Кроме двора, однако, предстояло еще заслужить расположение «города» – парижской публики. «Труппа Месье» явилась на ее суд со смешанным репертуаром. Когда шли трагедии (по преимуществу корнелевские), успех был весьма посредственный; по некоторым свидетельствам, их просто освистывали. Но Мольер привез с собой из провинции и несколько пьес собственного сочинения – «Шалого», «Любовную досаду». Они‑то и принесли труппе пылкое одобрение столичных зрителей, стосковавшихся по веселью. Правда, успехом своим они были обязаны скорее точно угаданному настроению публики и актерскому искусству Мольера, чем его авторскому мастерству.

 

«Шалый» и «Любовная досада» составляют как бы пролог к мольеровскому театру. Первое его действие, «первый круг» мольеровских комедий открывается сочинением, написанным уже в Париже, – «Смешными жеманницами» (1659). По всем своим внешним признакам это фарс: пьеса одноактная, в прозе, с грубоватыми шутками, побоями, раздеванием; она и шла, как обычно шли фарсы, в конце представления, после «большой» пьесы; а одну из ролей в ней играл Жодле – последний фарсер парижской сцены, перешедший к Мольеру из театра Маре под занавес своей актерской карьеры. Тем не менее сам Мольер предпочитал называть эту пьесу комедией, очевидно сознавая всю ее значительность и необычность.

«Жеманницы» ошеломляли зрителей своей открытой злободневностью.
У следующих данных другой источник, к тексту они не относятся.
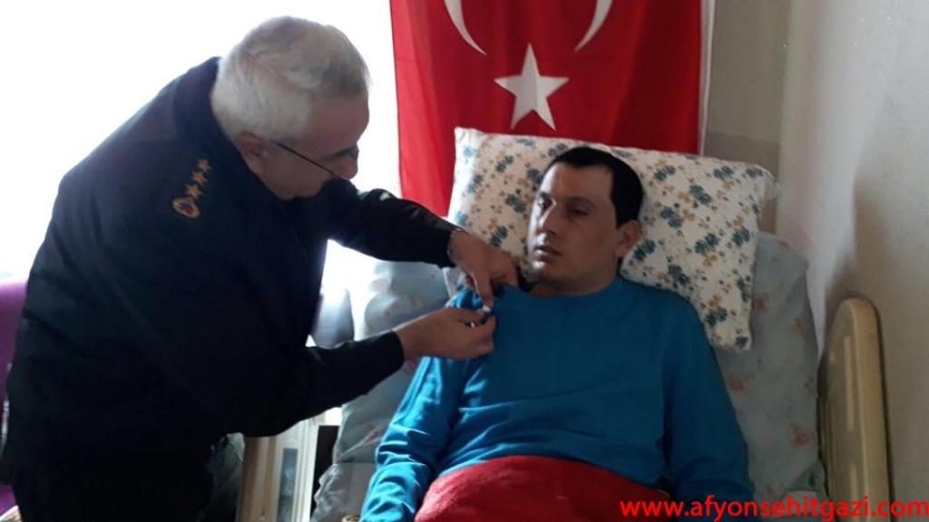 Komutanlar Şırnak’ın Cizre caddesi üzerinde, içinde bulunduğu aracı kırmızı ışıkta beklerken terör örgütü PKK’lılar tarafından uzun namlulu silahlarla saldırıya uğrayıp 8 kurşunla ağır yaralanan ve yaklaşık 7 ay Ankara GATA’da tedavi gören J.Uzman Çavuş Nuri Karakaş’ı, Dinar’a bağlı Çakıcı köyündeki baba evinde ziyaret ederek Jandarma Genel Komutanlığı tarafından adına tevci edilen Malül Gazi Rozetini teslim etti.

Русский перевод заглавия эту злободневность не вполне доносит: речь в пьесе идет именно о «прециозницах» и прециозности, а не о жеманстве вообще. Прециозность, царившая в столичных салонах, была одновременно и образом жизни, и манерой одеваться, и философическим размышлением, и стилем искусства. Объединял разнообразные проявления прециозности упрямый отказ признать и принять действительность в ее земном, плотском, то есть низменном и грубом, обличье, в ее природной и социальной подлинности. Хозяйки и посетители прециозных салонов старались создать посреди повседневности некие оазисы идеального, уголки рукотворного парадиза, где все было бы возвышеннее, изящнее, нежнее, не так, как всегда, не такое, как у всех, – иное: чувства, имена, язык, платье. Элитарность прециозного самосознания была хотя и связана с приступами больно ущемляемой сословной гордыни, но им не тождественна: в прециозных гостиных между посвященными мелькали люди низкого звания, сама Мадлена де Скюдери, автор романов‑учебников прециозной галантности, отнюдь не могла считаться знатной дамой, да и гостиные после разгрома Фронды помещались по большей части не в герцогских особняках, а в домах просвещенных буржуазок. Необходимым условием вхождения в прециозный кружок была, скорее, принадлежность к некоей «аристократии духа». Любви в обществе обитателей искусственного рая полагалось быть долгим, трудным, бескорыстным служением неприступной красавице; беседам – превращаться в нескончаемые диспуты о тайнах сердечных движений; речи, обыденной или поэтической, – изобиловать сложными перифразами; житейскому поведению – отвергать заповеди мещанского здравомыслия. Прециозный салонный идеализм был, в сущности, барочным продолжением давней традиции средневековой куртуазности и ренессансных утопических мечтаний о блаженной жизни в тесном, отделенном от остального мира сообществе избранных, совершенных душой и телом.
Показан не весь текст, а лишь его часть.